The same is true with the ideal of female beauty. Two pieces of evidence should suffice to refute the claim that images in the media, and “culture” in general, force girls and women to desire to look like blonde bombshells. First, as we note below, women were dying their hair blonde more than half a millennium, possibly two millennia, ago, when there were no TV, movies, and magazines (although there were portraits, and it is due to these portraits that we know today that women were dying their hair blonde in fifteenth-and sixteenth-century Italy). 2 Women’s desire to be blonde preceded the media by centuries, if not millennia. Second, a recent study shows that women in Iran, where they are generally not exposed to the Western media and culture, and thus would not know Jessica Simpson from Roseanne Barr, and where most women wear the traditional Muslim hijab that loosely covers their entire body so as to make it impossible to tell what shape it is, are actually more concerned with their body image and want to lose more weight than their American counterparts in the land of Vogue and the Barbie doll. 3 The Standard Social Science Model, which ascribes the preferences and desires of women entirely to socialization by the media, would have difficulty explaining how Italian women in the fifteenth century and Iranian women today both aspire to and pursue the same ideal image of female beauty as do women in contemporary Western societies.

To the extent I'm "blaming" anybody, I blame men for conning and shaming women into ceding their sexual power.

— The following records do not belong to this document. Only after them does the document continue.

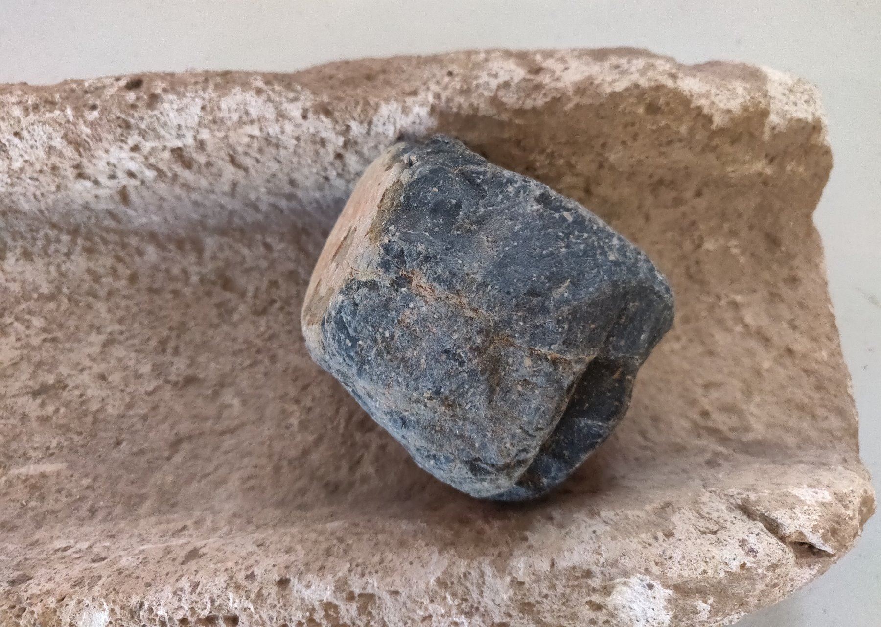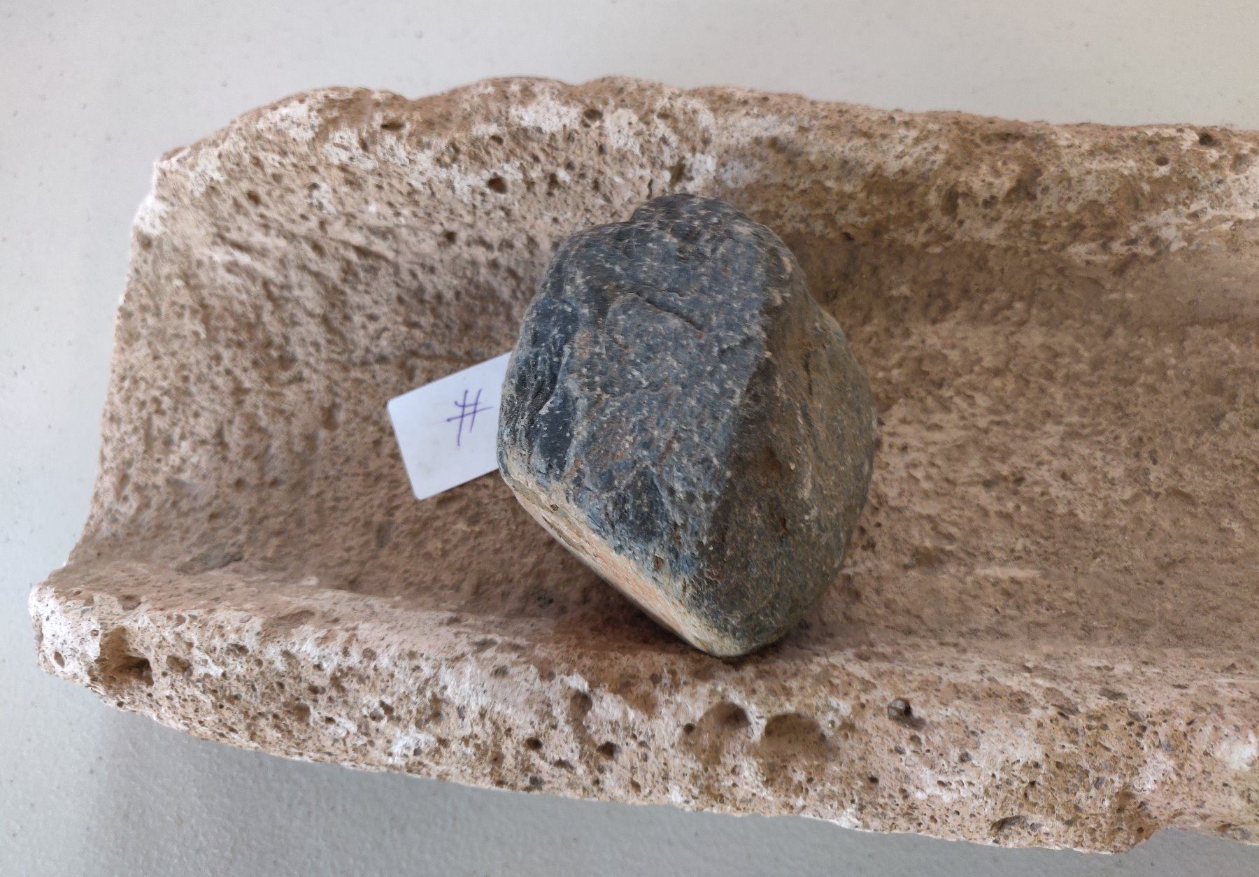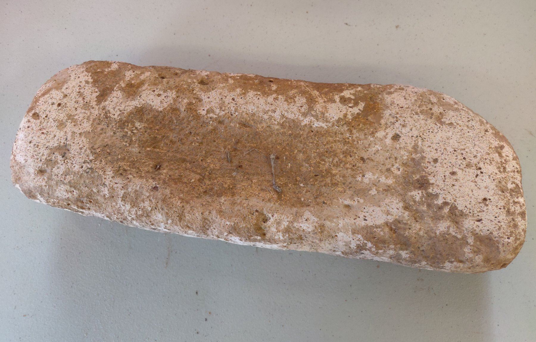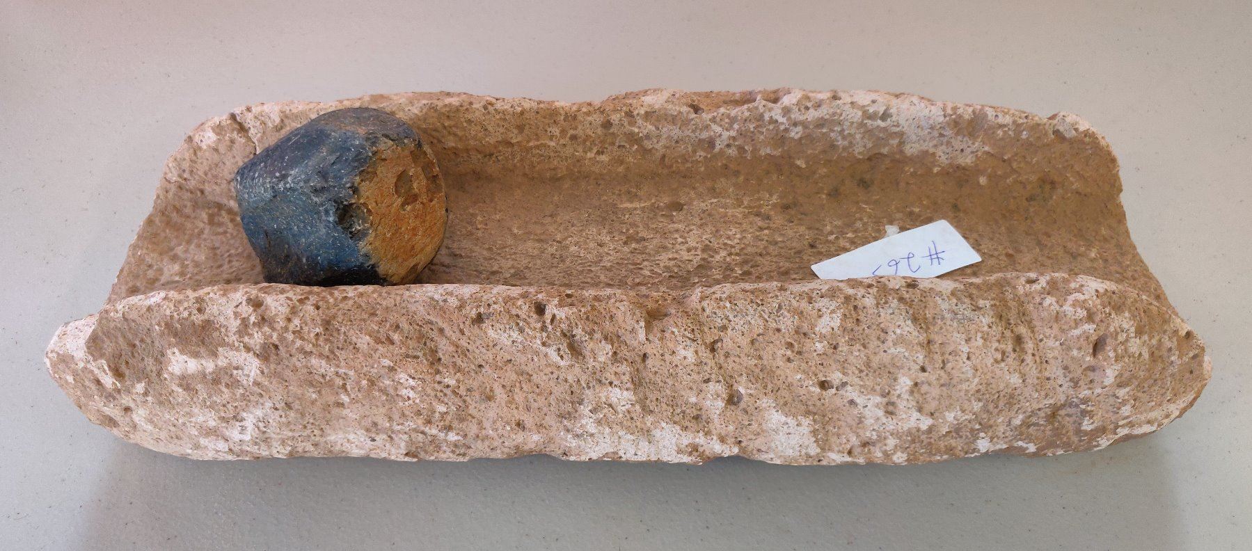 Stone Metate, pre-historic item. Made of likely tuffa, the item measures 17" x 6". Ajo, Pima County, Arizona. Condition: Chips, see images. Shipping: $45.00 USA estimate only, w/insurance and signature.
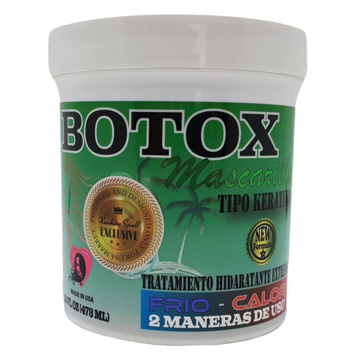 Kachita Spell Botox4Hair Treatment Original. What is a Botox Hair Treatment The Hair Botox for Hair is the latest, non-invasive, repairing treatment formulated to restore vitality to hair that has been damaged by chemical processes, straightening, and blow-drying. This effective treatment promises to make your dull and aging hair look young and healthy again. The formula generates its rejuvenating power from a blend of powerful antioxidants, proteins, and essential nutrients. The Botox for Hair or Botox Capilar solution fills cracks in the hair shaft, replenishes lost protein, and it also provides intensive hydration, repairs split ends, reduces frizz, and adds a beautiful shine to your hair. The treatment nourishes strands from the inside out and gives the hair a smoothing effect without taking away volume. Made in USA Instruction: How to use HOT Way: Wash and rinse your hair two times with Kachita Spell sulfate-free shampoo. Remove excess of water from the hair and apply the product uniformly. Use a comb to get it to distribute the product on the surface as well as inside the hair. Cover the hair with a plastic cap and put it in the pedestal dryer between 15 to 20 minutes. Then rinse and continue to dry with a hand dryer and finally use the flat iron steam. How to use COLD Way: Wash and rinse your hair two times with shampoo Kachita Spell sulfate-free. Remove excess water from the hair and apply the product evenly. Use a comb to get the product distributed on both the surface and inside the hair. Leave the treatment for 8 - 10 minutes. Finally rinse the hair and dry with a towel. Note: The smoothing effect will be gradual in very curly and resistant hair. At each application, the affect will be stronger. We recommend a 15-days pause between applications. BotoxMax made in USA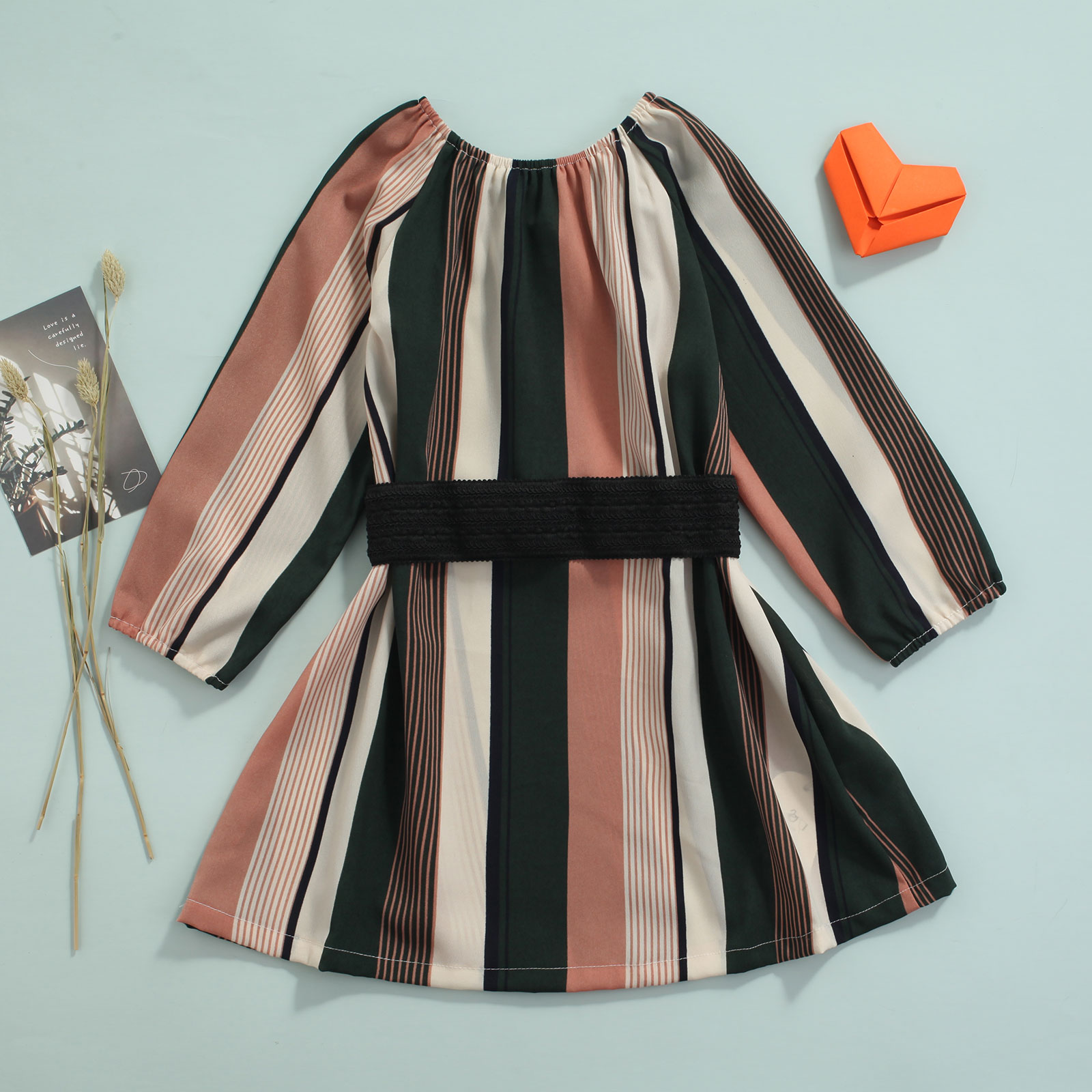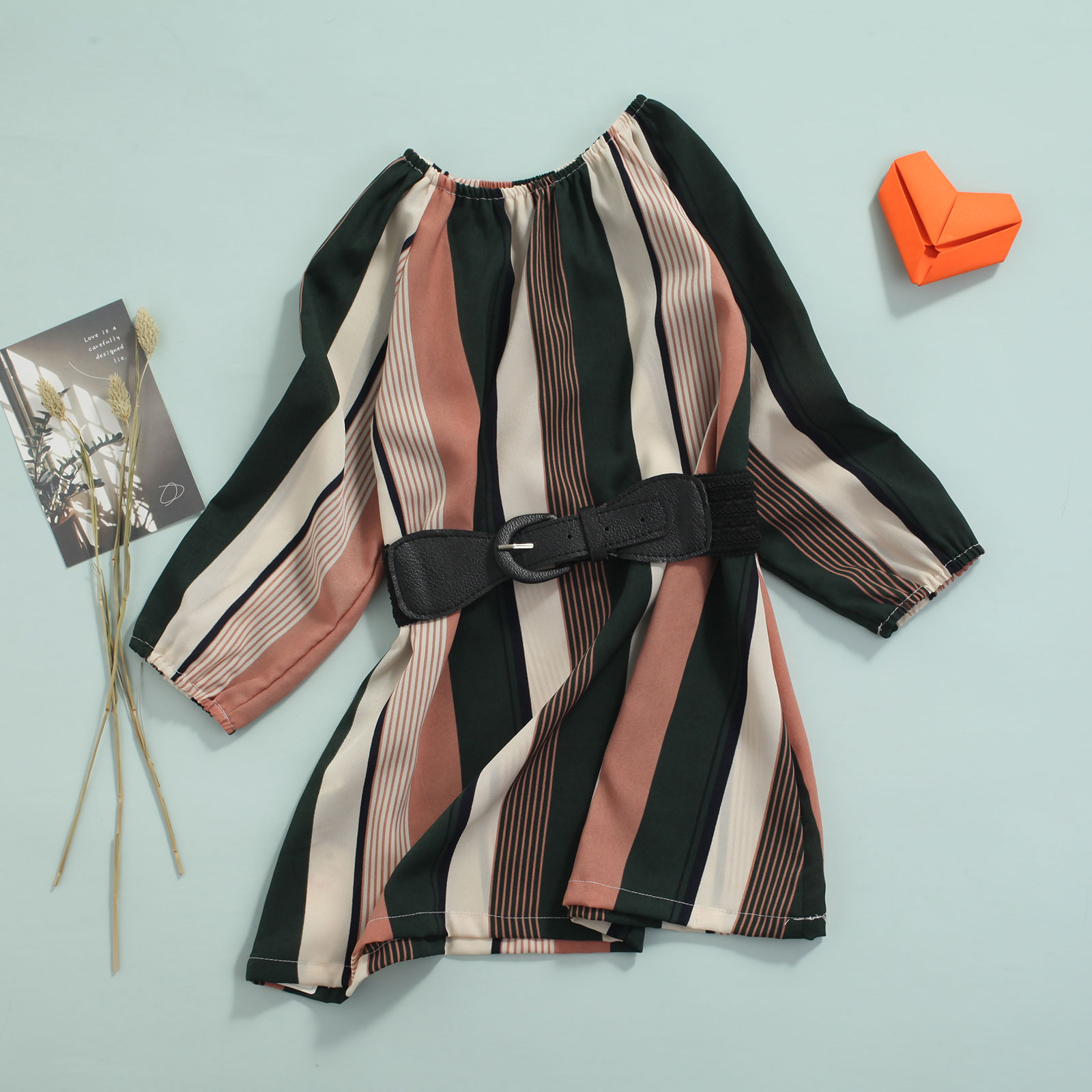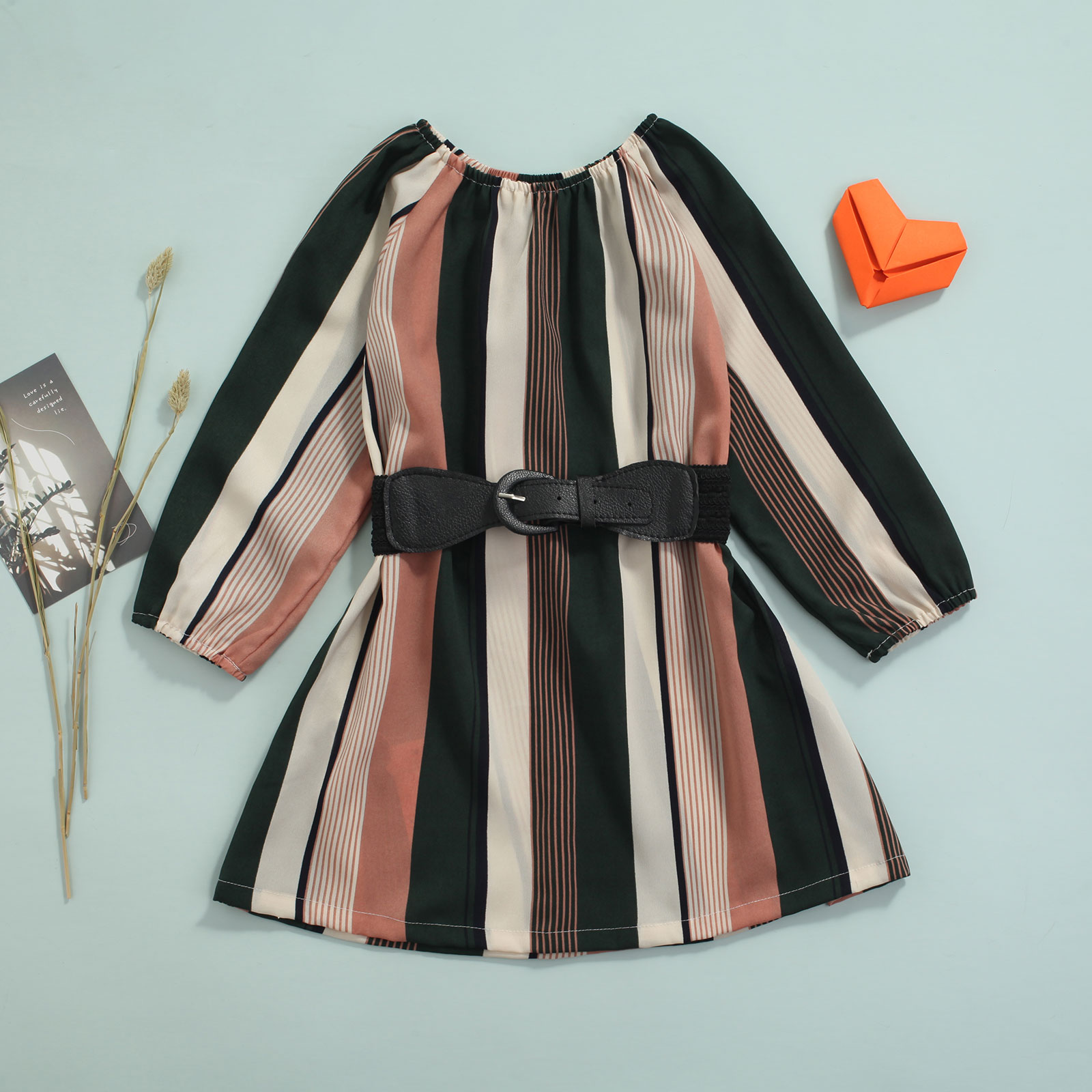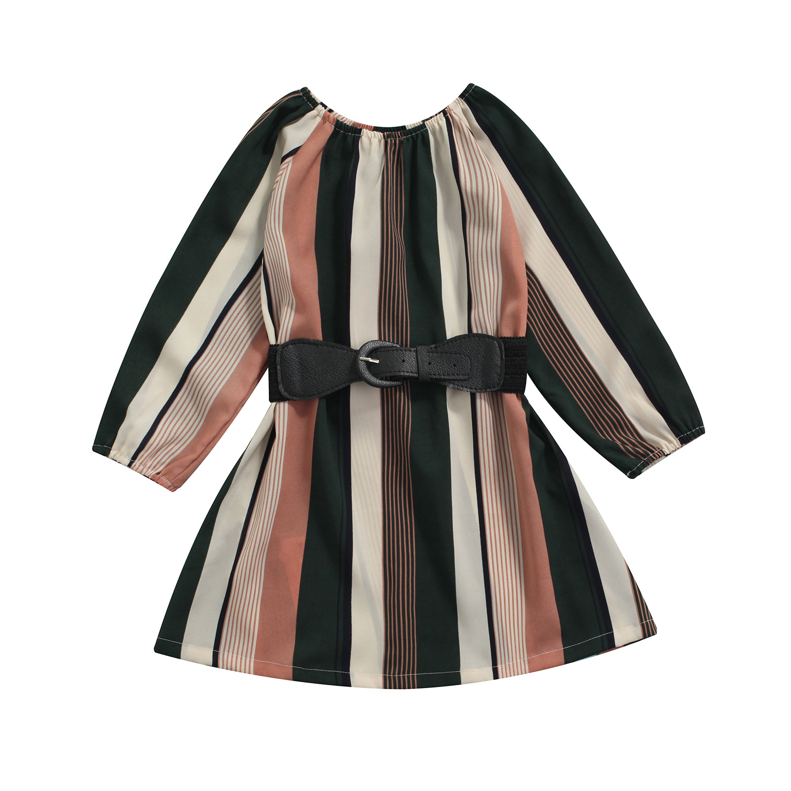 Pattern Design Long Sleeves Girls Fashion Dress with Belt
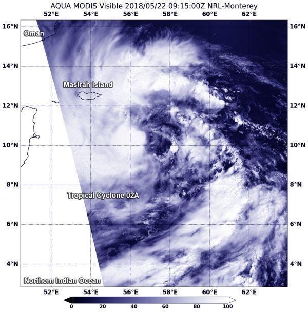 Image: On May 22 at 5:15 a.m. EDT (0915 UTC), NASA's Aqua satellite captured a visible image of Tropical Cyclone 02A about 650 miles south of Masirah Island, Oman. The image strong thunderstorms around the center of circulation and in a band from north to northwest of the center. CREDITS: NASA / NRL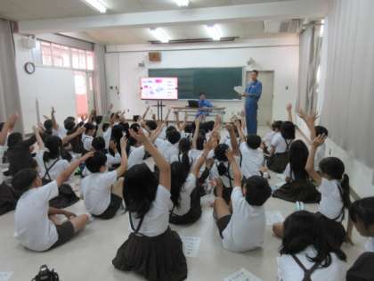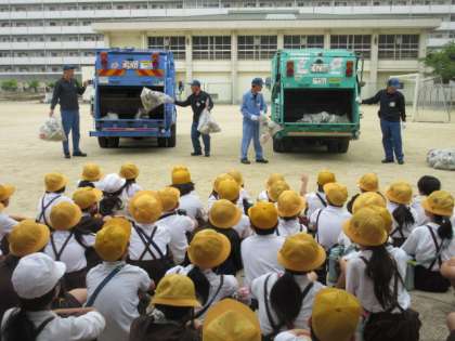 6月27日(木)、4年生の社会科の学習の一環として、大阪市の南西環境事業局の方々に来ていただきました。実物のパッカー車を運動場に乗り入れ、ごみの回収の仕方や車の仕組みについて説明していただきました。運転席に乗車体験もさせてもらい、子どもたちはとても満足そうでした。また、多目的室では、ごみの分別の仕方などについて学習しました。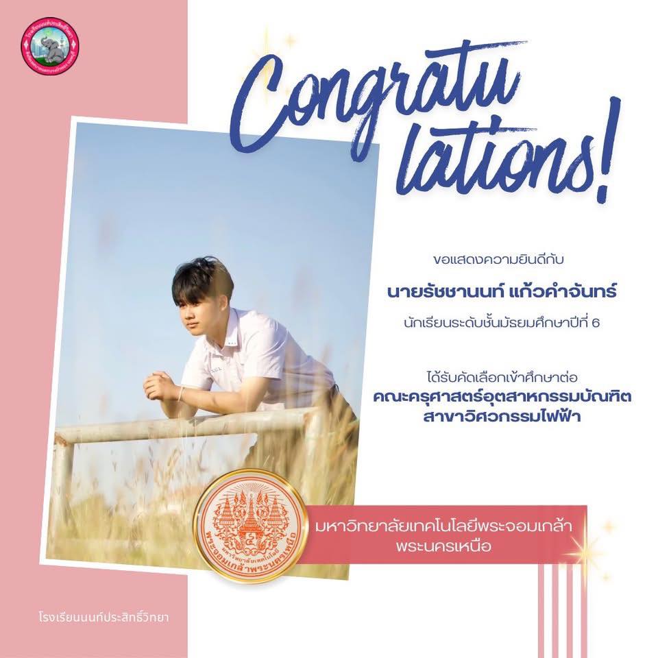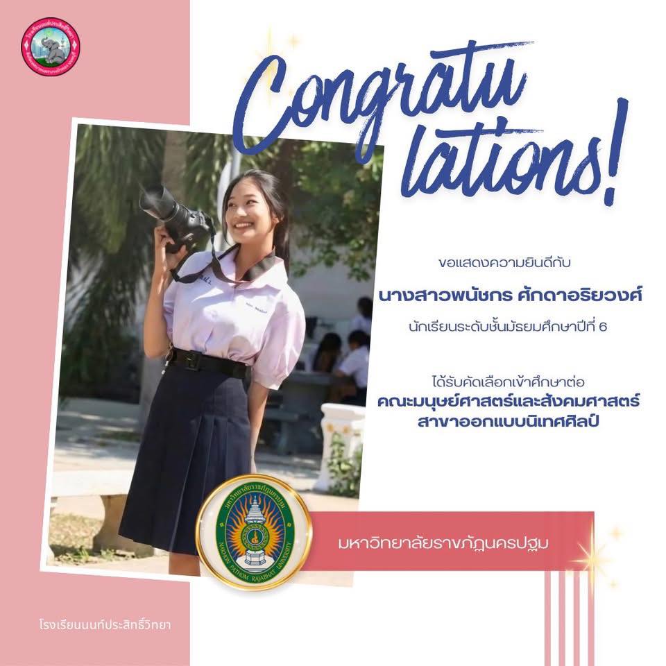 โรงเรียนนนท์ประสิทธิ์วิทยา ขอแสดงความยินดีกับนักเรียนระดับชั้นมัธยมศึกษาปีที่ 6 ที่ได้รับการคัดเลือกเข้าศึกษาต่อในระดับอุดมศึกษา สร้างความภาคภูมิใจให้กับครอบครัวและสถานศึกษา ✨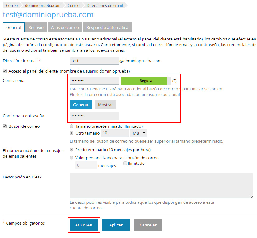Una de las acciones que puedes realizar es la de cambiar la contraseña de las cuentas de email. Si olvidas la contraseña de acceso a una cuenta de correo, tan solo tienes que acceder a Plesk y cambiarla.

My frustration with traditional feminists (as opposed to more modern sex positive ones) is that they aid and abet men in this task.

My whole point is that evolutionary programming NOT a "societal pressure", rather it's a natural, internal urge. So, it would be inappropriate for me to "blame" evolution for "societal pressures". To the extent societal pressures are to blame for anything, it's for conning/shaming women into doing other than what they are biologically programmed to do, creating much societal strife and personal angst.